Here's what to expect as your body transitions to using fat for energy

A ketogenic (or "keto") diet is an eating plan that's designed to seriously minimize carbohydrates, your body's favorite fuel source, and dramatically increase fats. The idea is that as carbohydrate levels drop, the body becomes forced to burn stored fat as its primary source of fuel, which can result in often dramatic weight loss. The diet represents a total turnaround from how most people eat: While the typical American diet is about 50 percent carbohydrate, 15 percent protein, and 35 percent fat, the breakdown on most typical keto diets is 5 to 10 percent carbs, 70 to 75 percent fat, and the rest from protein.

Keto-adaptation (also sometimes called fat-adaptation) is the process your body goes through on the diet as it changes from using primarily glucose for energy to using primarily fat.

The "keto" part refers to ketones, which are water-soluble molecules that the liver makes when metabolizing fats, particularly when carbohydrate intake is low. Ketones can be used for energy by most tissues in your body, including the brain, which can't use unrefined fats as fuel.

Your body is always using a mix of fat and glucose for energy, but in a non-keto-adapted state, it reaches for glucose first, since only low amounts of ketones are normally generated during fat metabolism and some tissues of the body—for example, the heart—prefer using ketones when they're available. The brain can't use fat, so it depends on glucose when you're in a non-keto-adapted state.

If glucose is the body's normal go-to source of energy, you may be wondering what happens when it suddenly doesn't have enough to use as its main fuel.

Getting to a Keto-Adaptive State

Once stores of glycogen (the way the body warehouses glucose) become depleted, your brain and other organs begin the process of adapting to using fats and ketones instead of glucose as its main fuel. But reaching ketosis, the state in which fat provides most of the fuel for your body, isn't usually a pleasant experience.

The extreme carb restriction is often accompanied by adverse side effects.

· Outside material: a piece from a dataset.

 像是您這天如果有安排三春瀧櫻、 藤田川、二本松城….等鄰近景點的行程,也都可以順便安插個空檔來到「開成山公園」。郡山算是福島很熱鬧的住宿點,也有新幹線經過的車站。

Commonly known as the "keto flu," the transition may cause a period of fatigue, weakness, lightheadedness, "brain fog," headaches, irritability, muscle cramps, and nausea.

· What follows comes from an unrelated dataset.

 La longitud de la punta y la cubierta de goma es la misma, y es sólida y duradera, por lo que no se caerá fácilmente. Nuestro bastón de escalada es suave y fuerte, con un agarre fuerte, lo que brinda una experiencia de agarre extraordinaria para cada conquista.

While the length of time it takes to adapt to a keto diet varies, the process begins after the first few days. Then, after about a week to 10 days, many low-carbers suddenly start to feel the positive effects of keto-adaptation. They report improved mental concentration and focus and more physical energy as well.

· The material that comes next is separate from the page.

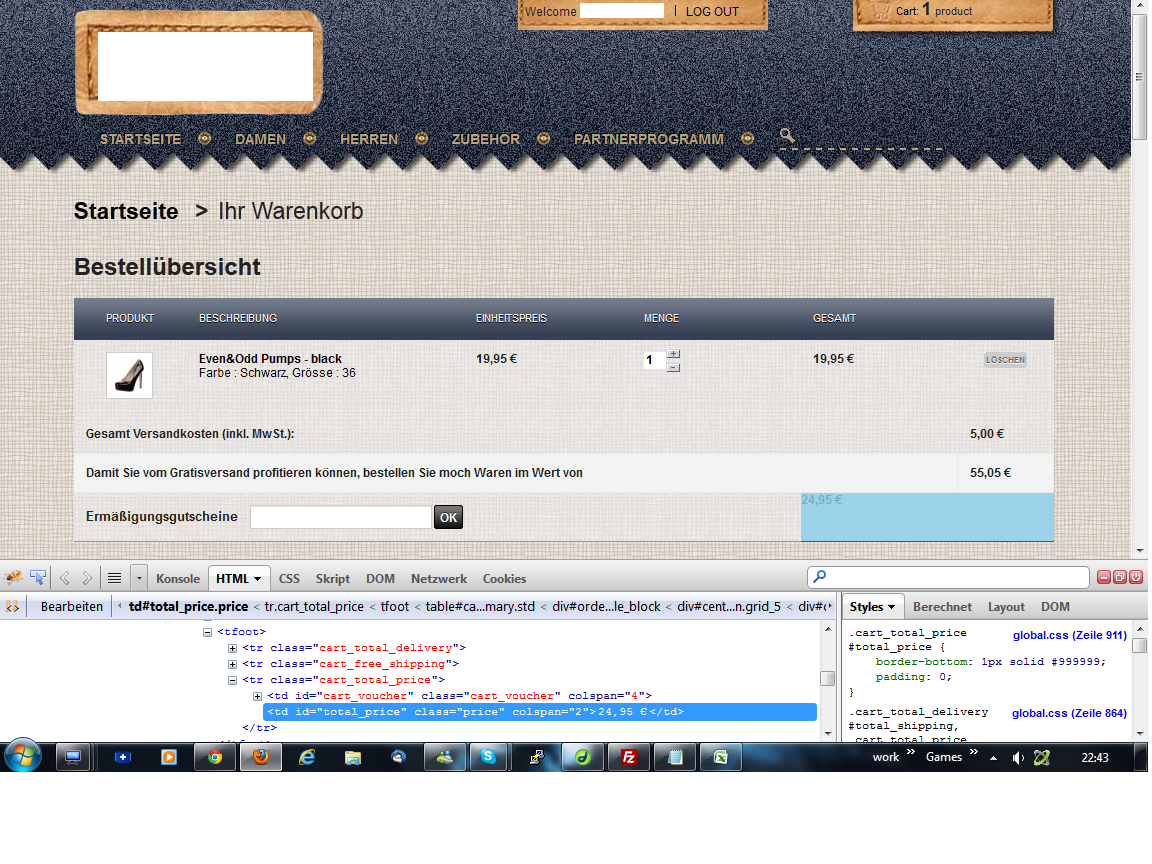 ILLEX-MEDIA Posted September 22, 2012 Author Share Posted September 22, 2012 (edited) Hallo cd2500, naja bin für jeden Tipp dankbar Also Module aus der German Community sollten eig. nicht dabei sein außer hier mit AGB und Checkboxen Kram... Der Warenkorb ist natürlich nicht mehr standard da er ja oben im Header verankert und animiert ist. Das der Warenkorb nicht funktioniert wird meiner Meinung nach durch den Fehler verursacht welcher auch den html code nicht anständig laden tut, hier vermute ich das evtl. die .css/.js Dateien nicht geladen werden die die Animation veranlassen. Es darf auch gerne selber getestet werden, aber auf den Screenshots sieht man ja deutlich das der html code sich unter scheidet. Tests unter www.schuhe-günstiger.de Ach ja, bzgl. der Frage mit dem originaltemplate.. das ist schwierig zu vergleichen, es hat ne andere shoppingcart.tpl aber so weit ich weiß wird alles richtig geladen wenn ich mich dort auf der opc Seite einlogge. Ich finde das ganze optisch so echt zufriedenstellent für diesen Zweck, aber dieser Fehler das nach dem LOgin der Korb nciht geht und die Headzeile für den Gesamtpreis fehlt finde ich echt unprofessionell MFG: Stefan Edited September 22, 2012 by ILLEX-MEDIA (see edit history) Link to comment Share on other sites More sharing options...

By the end of the second week (sometimes up to three weeks), the body has usually accomplished the majority of its work in adapting to using fat for energy. By this point, hunger and food cravings are diminished and stamina and vitality increased.

After this, the body continues to make more subtle changes. For example, it gradually becomes more conserving of protein, so people often crave less protein. Another change that athletes often notice is less lactic acid buildup in their muscles with long training sessions, which translates into less fatigue and soreness. It can take up to 12 weeks for these changes to occur and for you to fully reach ketosis.

Helping Your Body Adapt

  • Eat lots of fat and fiber. The fuller you feel, the less likely you are to miss your favorite carb-laden foods. Foods made with flaxseeds are high in both fiber and healthy omega-3 fats.
  • Increase salt and water intake. Many of the negative side effects are caused by a loss of fluid and electrolytes like sodium (carbs hold on to water, so you'll probably urinate a lot more once you cut them out). To replenish both, drink a cup of water with a half teaspoon of salt stirred into it or a cup of bouillon several times a day for a few days.
  • Go easy with physical activity. As you adapt to a new fuel source, strenuous workouts can further stress your body, so stick to gentle forms of exercise like walking and stretching for a few weeks.

Other Changes to Expect

Research so far shows that ketogenic diets (and low-carb diets in general) can reverse the signs of metabolic syndrome, type 2 diabetes, and polycystic ovarian syndrome (PCOS). Keto diets are also successfully used to treat some seizure disorders, and studies indicate they may help other neurological disorders, such as Parkinson's disease, though more research is needed.

The more scientists look at the keto diet, the more positive benefits they seem to find. For example, people on these diets have less of the saturated fat in their blood that's linked to insulin resistance, metabolic syndrome, and heart disease. Emerging research also shows that using ketones for energy may decrease oxidative stress and inflammation on the body, and may even be involved in turning on some genes that may be beneficial to health.

Managing Keto-Adaptation

Some people find that their ketosis is pretty stable as long as they eat a low-carb diet under about 50 grams of carbs a day, while others find they need to eat fewer carbs to stay in ketosis. Athletes and heavy exercisers often can eat more than 50 grams of carbs and still stay in ketosis. Other influences, such as hormonal fluctuations and stress, have been known to throw people out of ketosis.

Some people find value in measuring their blood ketones, which can be done at home using a special meter and test strips. But most low-carb diet authors don't recommend bothering with it. If you're getting the benefits you hoped for on a keto diet, worrying about how high your ketones are may just add a level of complication you don't need.